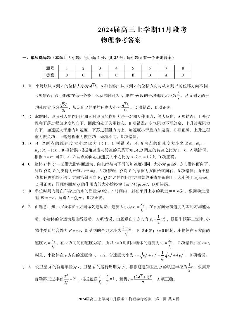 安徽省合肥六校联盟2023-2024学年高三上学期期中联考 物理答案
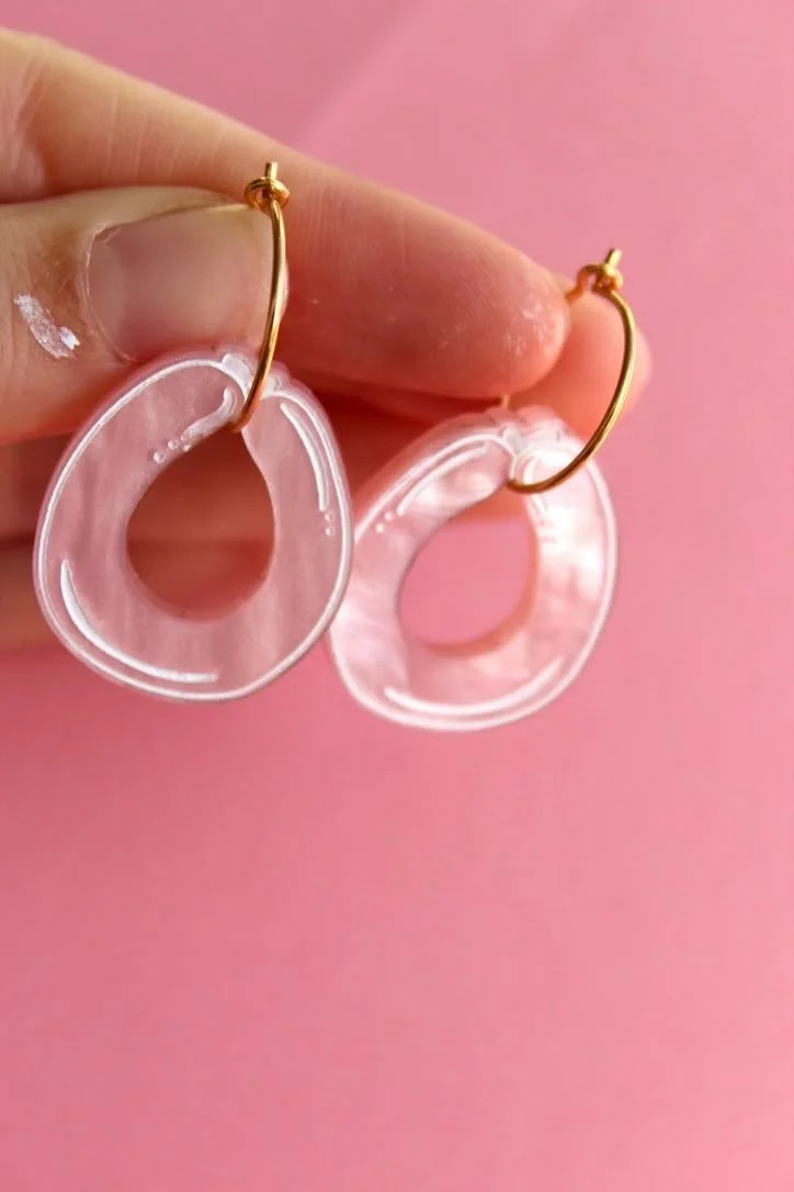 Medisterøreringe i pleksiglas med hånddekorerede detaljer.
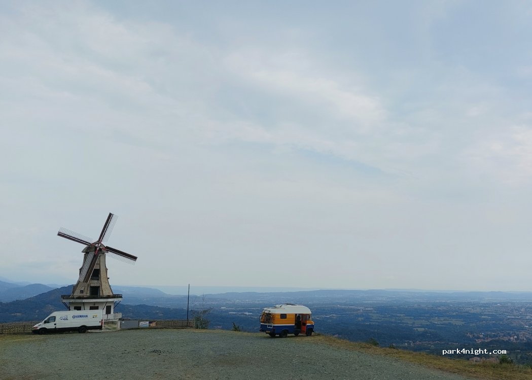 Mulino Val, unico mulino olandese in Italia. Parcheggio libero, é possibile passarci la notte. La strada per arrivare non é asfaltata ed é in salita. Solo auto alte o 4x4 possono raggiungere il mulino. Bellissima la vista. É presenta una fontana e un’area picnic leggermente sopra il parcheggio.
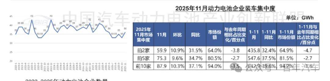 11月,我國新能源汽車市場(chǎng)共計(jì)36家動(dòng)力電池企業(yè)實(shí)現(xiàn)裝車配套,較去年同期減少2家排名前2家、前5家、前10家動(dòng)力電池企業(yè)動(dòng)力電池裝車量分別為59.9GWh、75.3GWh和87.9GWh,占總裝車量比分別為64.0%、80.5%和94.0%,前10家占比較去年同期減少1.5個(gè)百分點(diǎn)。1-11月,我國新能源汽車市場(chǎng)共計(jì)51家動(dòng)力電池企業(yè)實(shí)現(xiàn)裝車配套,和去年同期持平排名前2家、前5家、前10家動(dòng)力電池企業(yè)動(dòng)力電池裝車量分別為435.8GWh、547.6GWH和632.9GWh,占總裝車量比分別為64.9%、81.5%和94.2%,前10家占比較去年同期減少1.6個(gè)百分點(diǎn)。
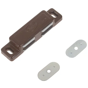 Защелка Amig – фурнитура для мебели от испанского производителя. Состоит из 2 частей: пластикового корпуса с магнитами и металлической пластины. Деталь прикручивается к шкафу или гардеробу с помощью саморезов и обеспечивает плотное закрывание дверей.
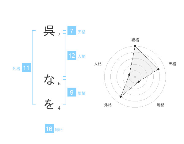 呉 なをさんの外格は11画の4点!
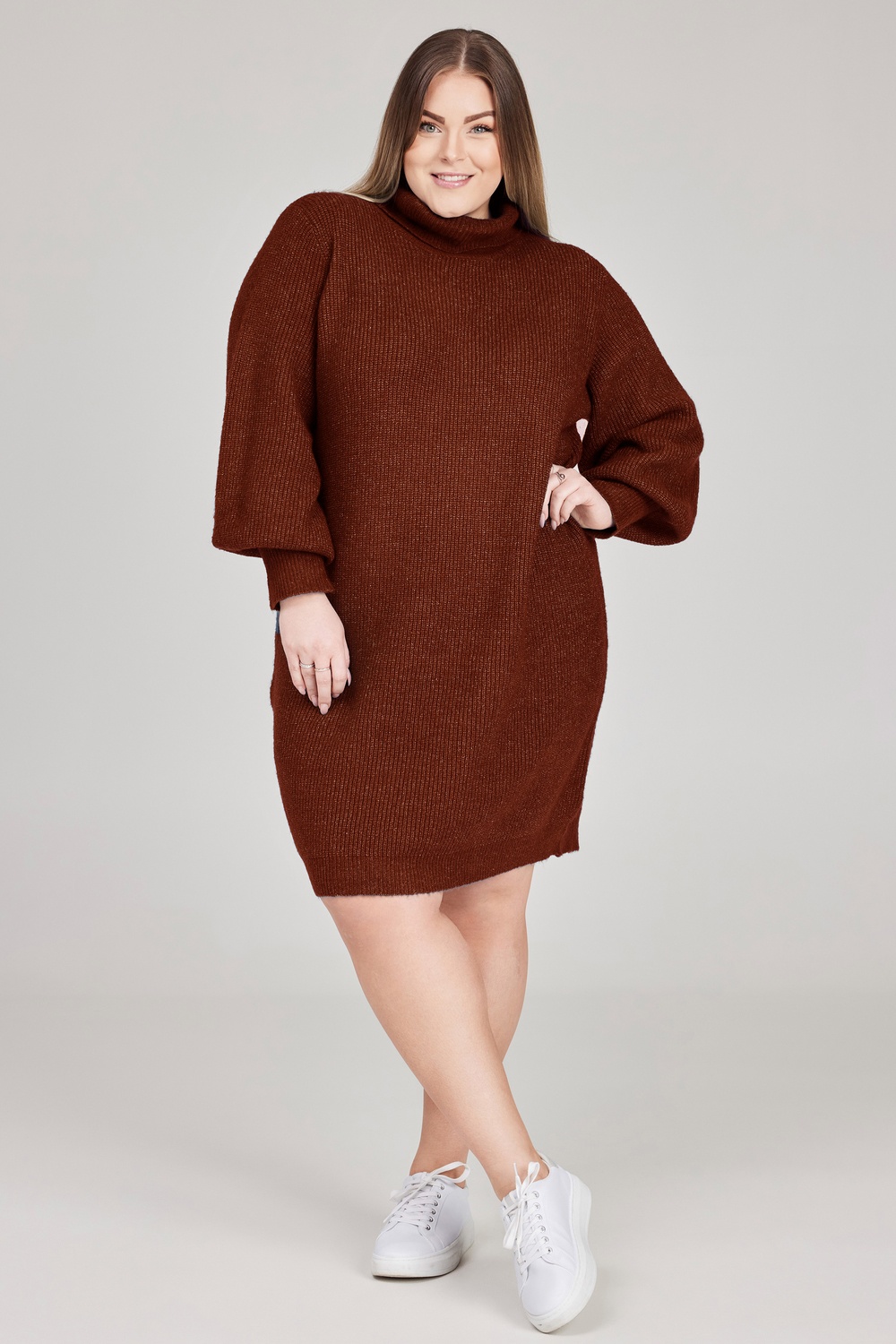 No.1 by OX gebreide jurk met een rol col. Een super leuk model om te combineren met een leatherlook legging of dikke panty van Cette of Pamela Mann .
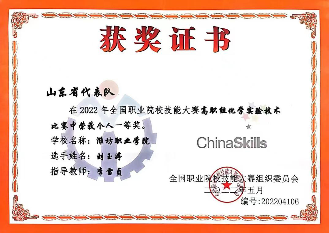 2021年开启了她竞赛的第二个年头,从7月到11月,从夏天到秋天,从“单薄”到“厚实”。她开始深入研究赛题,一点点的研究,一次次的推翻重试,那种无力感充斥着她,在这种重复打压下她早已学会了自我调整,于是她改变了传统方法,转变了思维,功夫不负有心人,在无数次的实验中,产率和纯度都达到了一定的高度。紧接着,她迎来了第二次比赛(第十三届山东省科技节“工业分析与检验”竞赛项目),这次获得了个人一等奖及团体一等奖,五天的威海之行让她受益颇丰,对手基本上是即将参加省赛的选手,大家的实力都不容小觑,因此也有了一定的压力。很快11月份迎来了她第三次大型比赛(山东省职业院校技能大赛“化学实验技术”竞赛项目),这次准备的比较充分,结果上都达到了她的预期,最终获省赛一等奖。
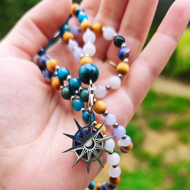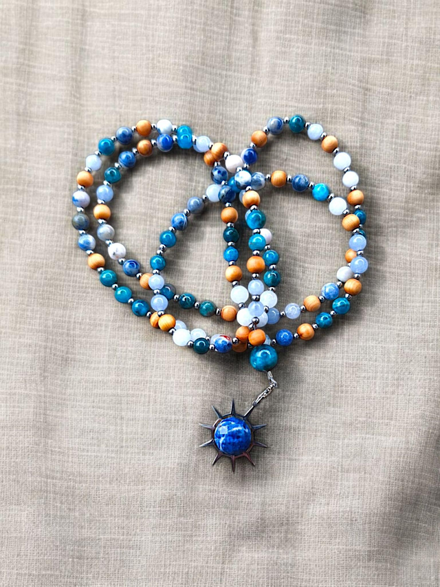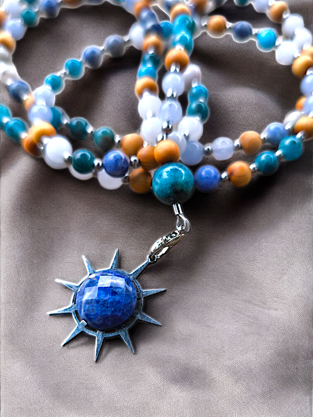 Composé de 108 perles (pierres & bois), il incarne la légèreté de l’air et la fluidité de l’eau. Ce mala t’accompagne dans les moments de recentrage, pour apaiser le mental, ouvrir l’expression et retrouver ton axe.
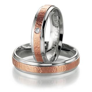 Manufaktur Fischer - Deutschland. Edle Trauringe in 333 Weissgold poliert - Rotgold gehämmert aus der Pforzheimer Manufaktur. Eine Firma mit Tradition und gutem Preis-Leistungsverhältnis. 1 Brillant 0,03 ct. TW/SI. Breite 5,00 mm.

════════════════════

### TASK TO COMPLETE
Begin at the first line of the entries and end at the line containing "Mulino Val, unico": write out each line exactly, skipping pictures.

### TASK SOLUTION
 安徽省合肥六校联盟2023-2024学年高三上学期期中联考 物理答案
 Medisterøreringe i pleksiglas med hånddekorerede detaljer.
 Mulino Val, unico mulino olandese in Italia. Parcheggio libero, é possibile passarci la notte. La strada per arrivare non é asfaltata ed é in salita. Solo auto alte o 4x4 possono raggiungere il mulino. Bellissima la vista. É presenta una fontana e un’area picnic leggermente sopra il parcheggio.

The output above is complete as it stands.